Single by Titiyo

from the album Come Along
- Released: 2001
- Genre: Blues
- Length: 3:42
- Label: Superstudio Blå; Teleg; WEA;
- Songwriters: Joakim Berg; Peter Svensson;
- Producer: Tore Johansson

Titiyo singles chronology
| "We Vie" (1996) | "Come Along" (2001) | "1989" (2001) |

= Come Along (Titiyo song) =

2001 single by Titiyo

"Come Along" is a song by Swedish recording artist Titiyo. It was written by Joakim Berg and Peter Svensson for her album of the same name (2001), while production was helmed by Tore Johansson.
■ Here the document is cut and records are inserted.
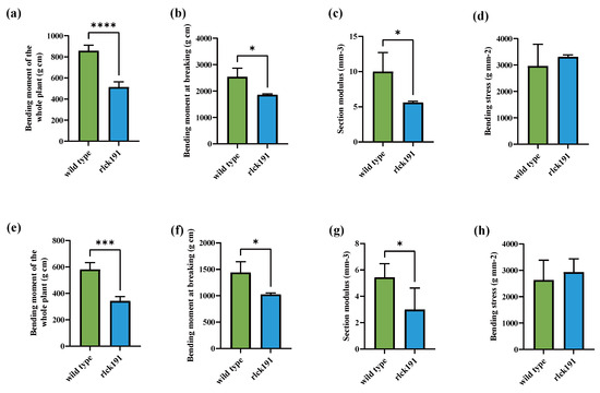 The identification of culm strength in homozygous mutant lines. (a–d) The bending moment of the whole plant, bending moment at breaking, section modulus, and bending stress of wild-type and mutant lines measured on the second internode. (e–h) The bending moment of the whole plant, bending moment at breaking, section modulus, and bending stress of wild-type and mutant lines measured on the third internode. Asterisks indicate significant differences between the wild type and mutant: p < 0.05 (Tukey’s test). *, ***, and **** represent significant differences at 5%, 1%, and 0.01% levels, respectively.Each bar indicates the mean ± SD (n = 6).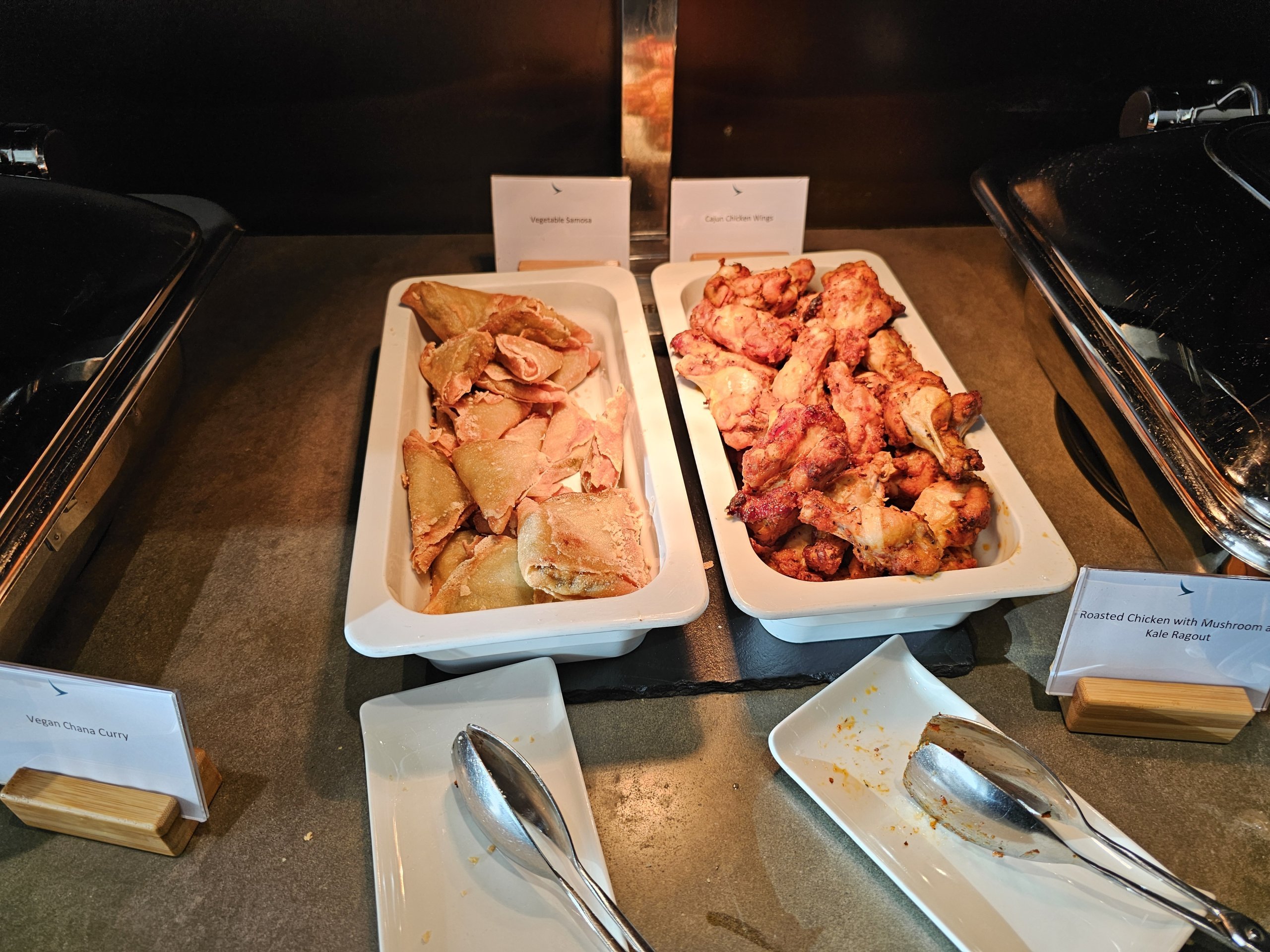 Cependant, le menu du jour était savoureux et comprenait des pilons de poulet, du poulet bouilli avec des épinards, du porc et du riz et des samosas végétariens. Le samosa en particulier m'a rappelé ma récente visite à l'île Maurice!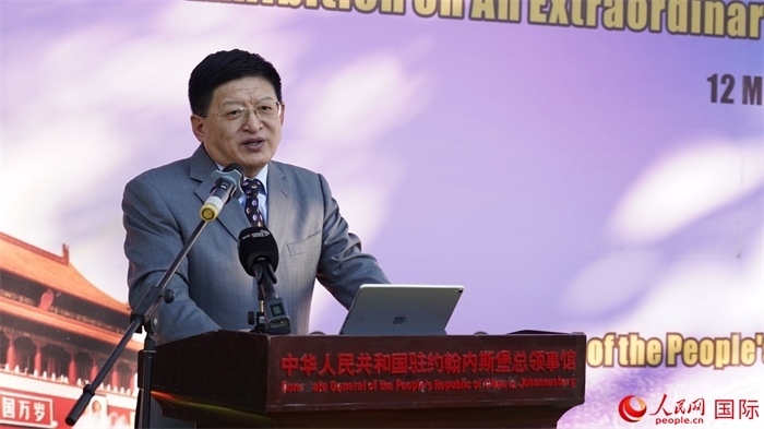 5月12日,中國駐約翰內(nèi)斯堡總領館在館內(nèi)舉辦新時代中國非凡十年成就圖片展,慶祝中南建交25周年。人民網(wǎng) 劉暢攝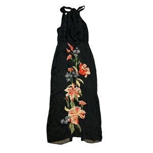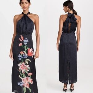 Chufy Nika Maxi Dress Grey/Blue Floral Flowers Halter Slit S Flowy Anthropologie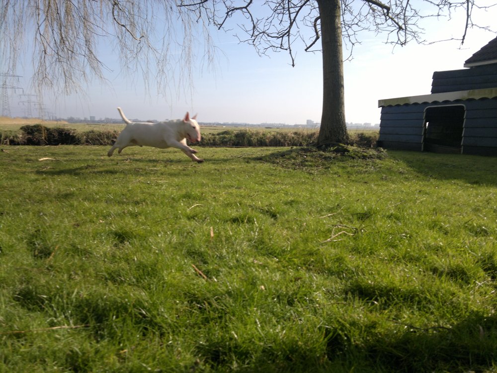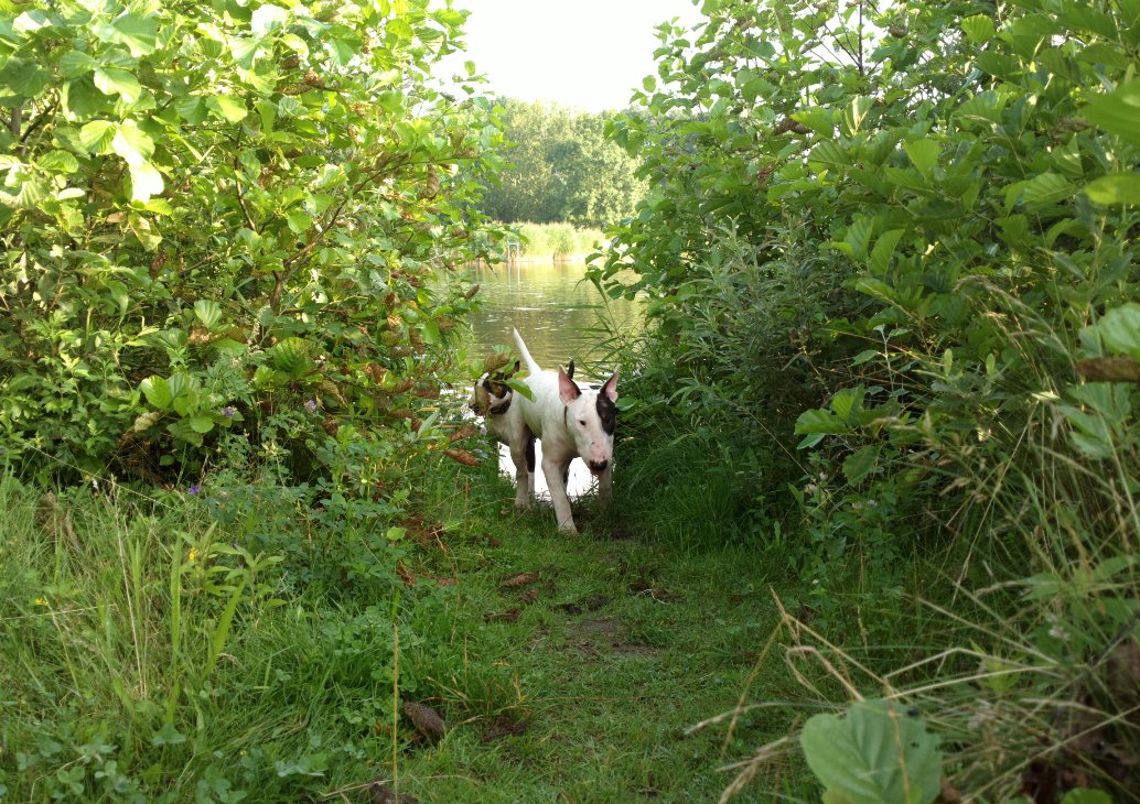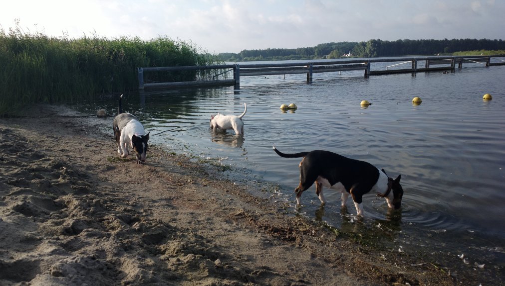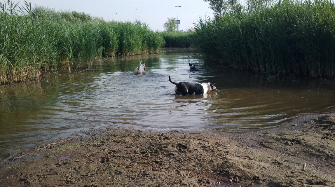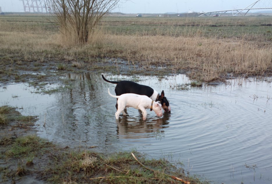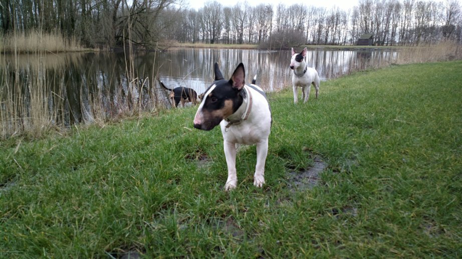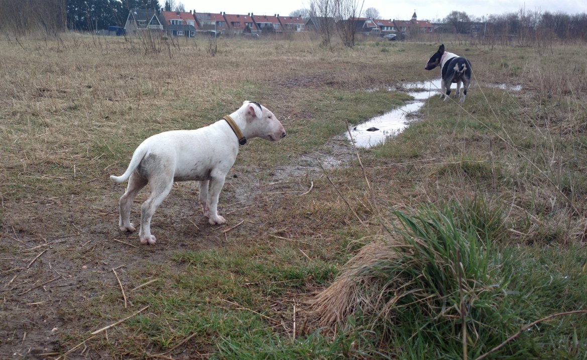 11 april 2015: met Sue naar het meertje, gelukkig is het er nog. De gemeente Zaanstad lijkt een tweede dijkwal aan te willen leggen op het braakliggende terrein waar wij wandelen. Ik ben benieuwd... Maar goed, Sue ging uit zijn dak van vreugde (Tess ook een nat pak ;-), mooi begin van het weekend!

The song was selected as the album's lead single and reached the first place in GLF and, according to Billboard, became the most played song on Sveriges Radio. The song was awarded a Swedish Grammis Award in the category Song of the Year and a Rockbjörnen Award for Swedish Song of the Year.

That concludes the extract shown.